"....Norman...." Jon breathed.
"Zeb had two kids, both boys," Wellborne commented, watching Jon's face closely. "One of them was named Jonathan, he was the wild one that ran off, I don't remember the name of the younger boy."
"Jonathan Norman....Jon Norman...." Jon rolled the names around his mouth experimentally, whispering them softly, hoping against hope that the sound would force some shred of memory to reappear.
The elder man got up, took the papers from Jon's hands, replaced them in their drawer, sat down again, embraced his drink. "Does that help you, son?"
"Yes, sir, yes, it does...." Jon hurried to reassure him.
Wellborne stared at the curtained window, his thoughts obviously elsewhere.
Jon dared to speak up. "Sir....can you tell me who was in that other farmhouse, the one on the Hendersons' farm, before the Hendersons bought it?"
"Oh, that? This was all one big farm back then. This was the main house, then old Zeb built a honeymoon cottage for his younger son and his wife. After they moved out some years later, that house was torn down when a fire broke out and they had to save the barn and silo."
"They moved out?" Jon fastened all his attention on the older man. "Where did they move to? Do you know?"
"Well, I didn't really keep up with the kids, you know. They might have moved to the city, Paragon, I think, looking for jobs. Farming didn't really seem to suit them. They did come back sometimes, though, on holidays, to visit Zeb. Up until the time that Zeb divided up the farm and sold this half to me. His health wasn't good, and he couldn't work the farm no more. I guess he always hoped that one of the sons would come back to farming, and he kept ownership of the other half until he died, but they never did." He glanced pointedly at Jon's glass. "Bourbon not good enough for you, son?"
Jon flushed. "Oh, no, sir, I'm very grateful for all your help, and your fine hospitality." He quickly picked up the glass, drank it down, immediately wishing that he hadn't.
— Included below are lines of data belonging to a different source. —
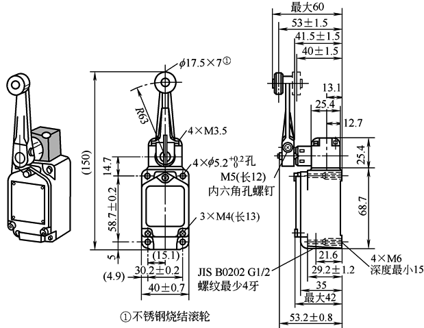表1 滚轮及可变滚轮摆杆型的外形及安装尺寸 mm |
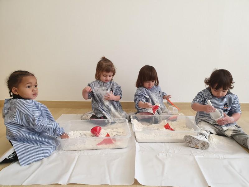 Ara amb la panxa plena, ens preparem per a l'activitat que ens prepara la mestra. Què farem avui? Experimentació amb farina? Pintem? Toquem instruments? Expliquem contes ? Fem construccions o transvasaments?  Juguem amb pilotes?
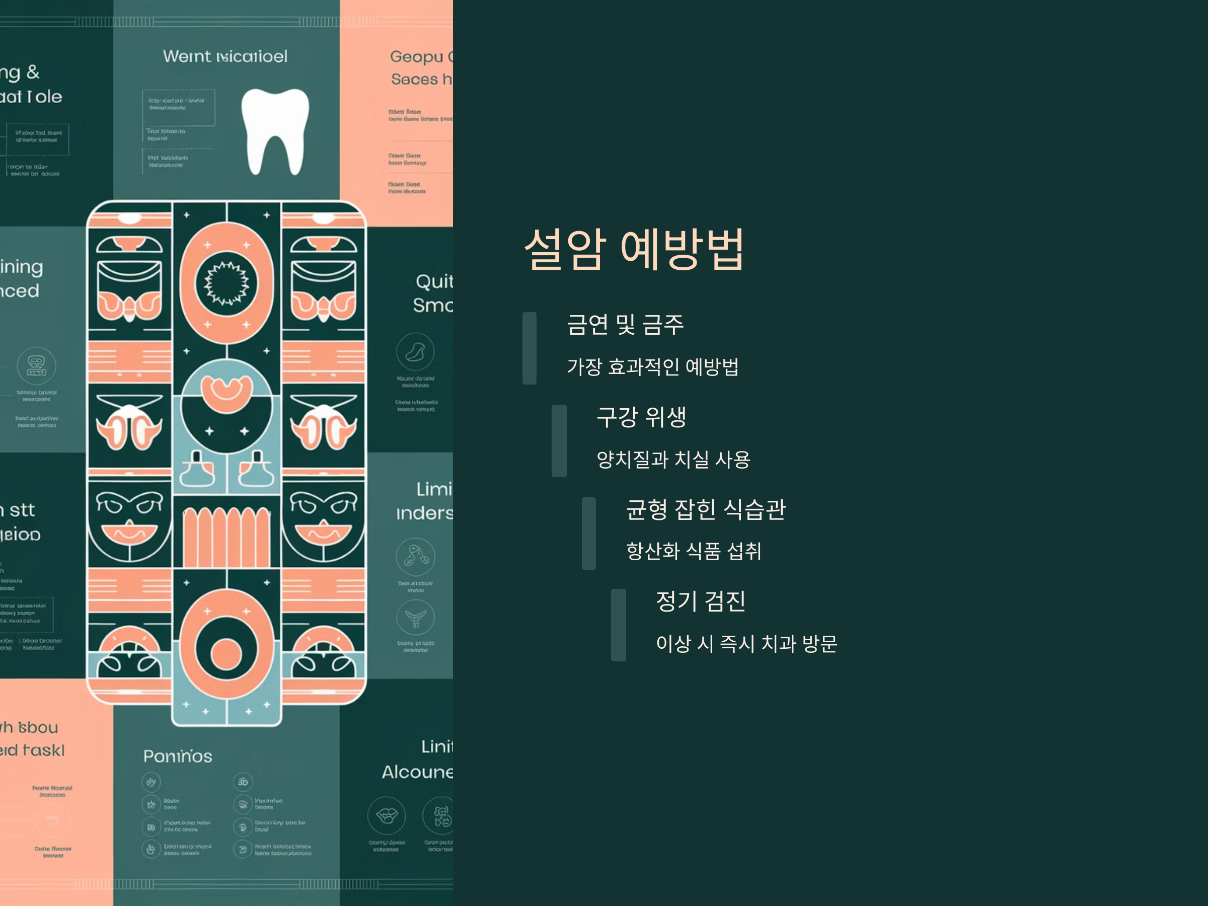 - 정기적인 구강 검진: 이상이 있을 경우 즉시 치과 방문
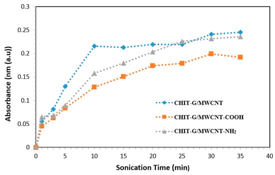 The production of dispersions including MWCNTs, MWCNTs-COOH, and MWCNTs-NH2 with CHIT-G was monitored using absorption spectrophotometry. We were able to create MWCNT dispersions utilizing ultrasonic for only a few minutes (20 min). The sonication time was a major concern as it had to be long enough to properly suspend the MWCNTs, but not so long as to cause defects in the nanotubes, shorten their length or otherwise negatively affect their properties [,,]. Absorption spectrophotometry is particularly appropriate for assessing the impact of sonication time or sample conditions on the extent of MWCNT suspension. This is attributable to the fact that it is a valuable method for determining how much de-bundling of nanotubes in suspensions has occurred. The absorbance of all dispersions was measured at wavelengths ranging from 300 to 1000 nm. Increased sonication time increased absorbance that is compatible with other investigations in the literature [,]. To find an acceptable sonication duration for forming the other forms of suspensions, the absorbance at a single wavelength (660 nm) was evaluated as a function of sonication time as shown in Figure 1. To prevent absorbance due to the solvent and the dispersant (chitosan or crosslinked chitosan), a wavelength of 660 nm was chosen. The absorbance at 660 nm changed for each suspension in response to increasing sonication duration, as shown in Figure 1. After 10, 20, and 25 min of sonication for the CHIT-G/MWCNTs, CHIT-G/MWCNT-COOH and CHIT-G/MWCNT-NH2, respectively, absorbance had reached or was approaching a plateau zone. This suggests that the time frame was long enough to create a well-dispersed MWCNT sample suitable for PS membrane preparation. When the sonication period was extended, the absorbance at 660 nm did not change much again.
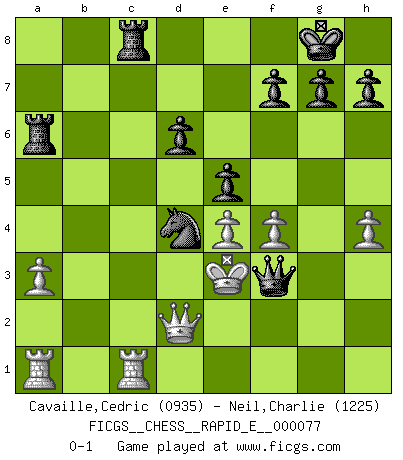 Last move : 0-1 2012 April 15 16:31:7 [Event "FICGS__CHESS__RAPID_E__000077"] [Site "FICGS"] [Date "2012.03.13"] [Round "1"] [White "Cavaille,Cedric"] [Black "Neil,Charlie"] [Result "0-1"] [WhiteElo "0935"] [BlackElo "1225"] 1.e4 c5 2.Nf3 Nc6 3.Bc4 e6 4.a3 a6 5.O-O b5 6.Be2 Bb7 7.c3 Nge7 8.b4 c4 9.d3 cxd3 10.Bxd3 e5 11.Be3 Ng6 12.c4 bxc4 13.Bxc4 Be7 14.Qc1 d6 15.Bg5 O-O 16.Bxe7 Qxe7 17.b5 axb5 18.Bxb5 Rfc8 19.Nc3 Ba6 20.Bxa6 Rxa6 21.Nd5 Qe6 22.Nb4 Nxb4 23.Qd2 Nc6 24.Rfc1 Nf4 25.g3 Ng6 26.h4 Qg4 27.Kg2 Nf4+ 28.Kf1 Qxf3 29.gxf4 Qh1+ 30.Ke2 Nd4+ 31.Ke3 Qh3+ 32.f3 Qxf3+ 0-1 Sicilian defense Kingside Castling by player White (move 5) Kingside Castling by player Black (move 15) Player Black won this chess game. Follow this game move after move (download)The chessboard is the world, the pieces are the phenomena of the Universe, the rules of the game are what we call the laws of Nature and the player on the other side is hidden from us. (Thomas Huxley) Im Spitzenschach von heute geht es nur um Vorbereitung, um tiefgründige, sorgfältige Eröffnungsvorbereitung. (Nigel Short) El Ajedrez es un invernadero donde los frutos del carácter pueden madurar mas completamente que en la vida. (Edward Morgan Foster) La tactique est l'élément le plus important du milieu de jeu. (Siegbert Tarrasch) Faith : not wanting to know what is true. (Friedrich Nietzsche)
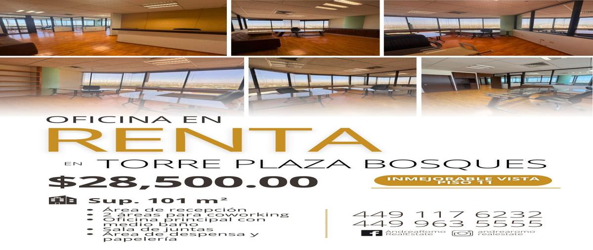 Oficina en renta en el piso once de torre plaza bosques, al norte de la ciudad, sobre av. universidad y av. aguascalientes norte. con hermosa vista cuenta con área de recepción y sala de espera, 3 ofi...

Wellborne relaxed, even allowed himself a rough approximation of a smile, nodded to Jon, finished his own drink.
"I guess that's about all that I know about the Normans," he commented. "Nice family, the older boy was trouble, but the rest of them were salt of the earth."
"Show him the picture," Mrs. Wellborne urged from the doorway, wiping her hands on a dishtowel. She had moved so quietly, Jon had completely missed it when she came to stand there, listening to the men talk.
Wellborne stood, went back to the desk, rummaged through a different drawer, pulled out a thick greyish-tan piece of cardboard. He handed it to Jon before sitting down again.
It was an old tin-type photo, perhaps 3 inches by 4 inches, pasted on a card with a decorative scrollwork border. The image was a farmhouse, and with a start, Jon realized that it was the very house he was sitting in. The people, however, were strangers....not the Wellbornes, who were both dark complected and somewhat on the short side, but a family of tall blondes, standing in two rows on the front porch steps, staring seriously into the camera.
"That was taken when the house was first built, oh, maybe 1910 or thereabouts. That's the Norman family that built it."
Jon stared at the silver-and-grey photo, trying to memorize the faces, the clothes, the way the house had looked when it was new and freshly painted.
"Now show him the other one," Mrs. Wellborne admonished.
"Oh....yeah, I forgot." He returned to the desk, rummaged, pulled out a curling square of photographic paper, the edges rick-racked, the word "Kodak" emblazoned diagonally across the back in a repeating pattern, handed it to Jon as he handed the tin-type back.
The photo was a color shot of the front of the same house, almost the same image, except the faces of the blonde family were subtly different, the clothes from another era, and the men and boy were smiling at the camera.
"That's them," Wellborne told him. "That's Zeb and his family."